Researchers from the University of Hawaii, Oxford Nanopore Technologies, and elsewhere outline a sequencing strategy for pulling viral genomes out of metagenomic sequence collections. The amplification- and assembly-free method is designed to directly sequence environmental viruses with single-molecule, nanopore sequencing reads that extend across complete viral genomes, the team explains, taking advantage of known virus and phage features. The authors applied a phage-finding pipeline to marine metagenomic sequences, for example, putting together thousands of draft virus genomes. "Our new virus sequencing strategy can provide previously unavailable information about the genome structures, population biology, and ecology of naturally occurring viruses and viral parasites," they write.
A team from Taiwan and the US takes a look at RNA-related regulatory shifts in individuals with autism spectrum disorder (ASD), focusing on circular RNAs and their interactions in post-mortem brain samples from dozens of individuals with or without ASD. Using RNA-seq data, the researchers assessed circular RNA (circRNA), microRNA, and messenger RNA interactions in more than 200 frontal cortex, temporal cortex, or cerebellar vermis samples from 48 ASD-affected individuals and 49 unaffected controls.

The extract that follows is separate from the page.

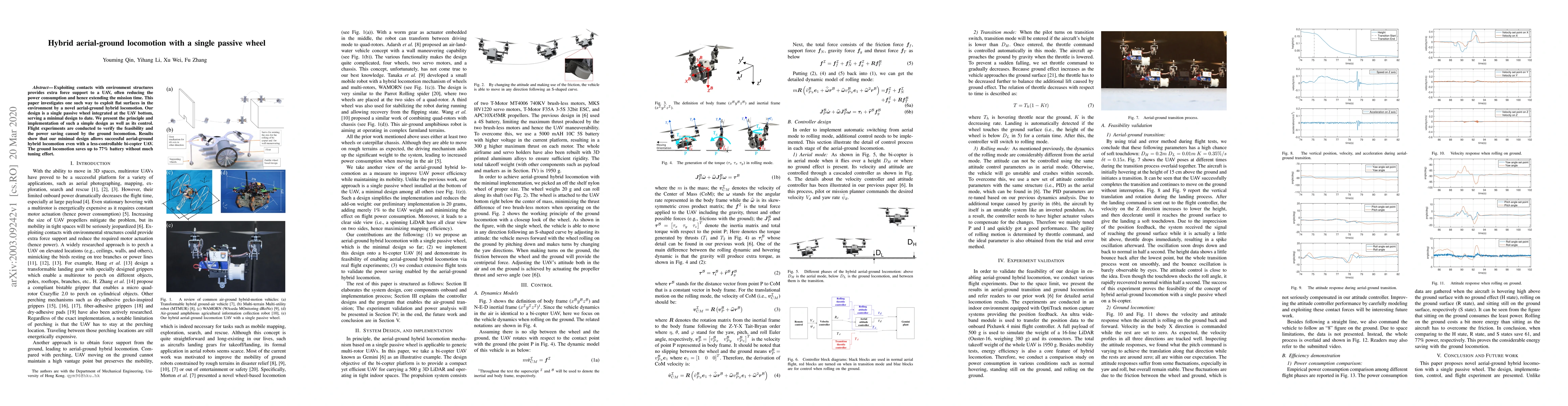 Exploiting contacts with environment structures provides extra force support to a UAV, often reducing the power consumption and hence extending the mission time. This paper investigates one such way to exploit flat surfaces in the environment by a novel aerial-ground hybrid locomotion. Our design is a single passive wheel integrated at the UAV bottom, serving a minimal design to date. We present the principle and implementation of such a simple design as well as its control. Flight experiments are conducted to verify the feasibility and the power saving caused by the ground locomotion. Results show that our minimal design allows successful aerial-ground hybrid locomotion even with a less-controllable bi-copter UAV. The ground locomotion saves up to 77% battery without much tuning effort.

Their search highlighted 60 circRNAs and related expression modules that were altered in ASD, along with almost 8,200 altered RNA interactions and potential gene and pathway targets of ASD-related regulatory networks. "To the best of our knowledge, this is the first systems-level view of [the] landscape of circRNA regulatory networks in ASD cortex samples," the authors report, noting that results so far "support a role for circRNA dysregulation and the corresponding circRNA-microRNA-mRNA axes in ASD pathophysiology."

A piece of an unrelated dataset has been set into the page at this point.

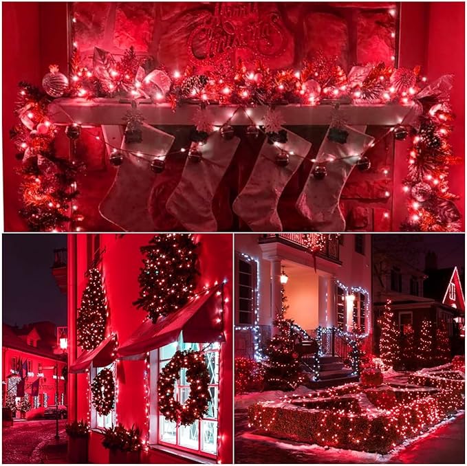 • Perfect for Christmas Decorations: Fairy Lights with red light accent your space with a unique, inviting glow. Purchasing 4 pack solar fairy lights at once is more affordable! 400 LED 132ft length suitable for a variety of large holiday scenes such as gardens, parties, patios, or can be used individually to decorate a variety of smaller scenes such as flowers, fences, trees, balconies.Don't hesitate especially if you love red like me. Red solar lights are a nice addition to Christmas decor.

Finally, investigators in the US, Brazil, Japan, and Russia present human gene expression and transcriptome features found by analyzing data for from the FANTOM-CAGE-associated transcriptome (FANTOM-CAT) study with insights from a comprehensive "recount2" RNA sequence set that spans trillions of reads from tens of thousands of samples in available databases. The resulting expression atlas, dubbed FANTOM-CAT/recount2 (FC-R2), currently houses data representing almost 110,000 human coding and non-coding genes, the team says, making it possible to profile long non-coding RNAs and other transcripts in samples from individuals with or without disease. The authors relied on the recount2 re-quantified transcript data to find potential non-coding tumor contributors across more than a dozen cancer types, for example, and demonstrated still other possible applications of the FC-R2 atlas.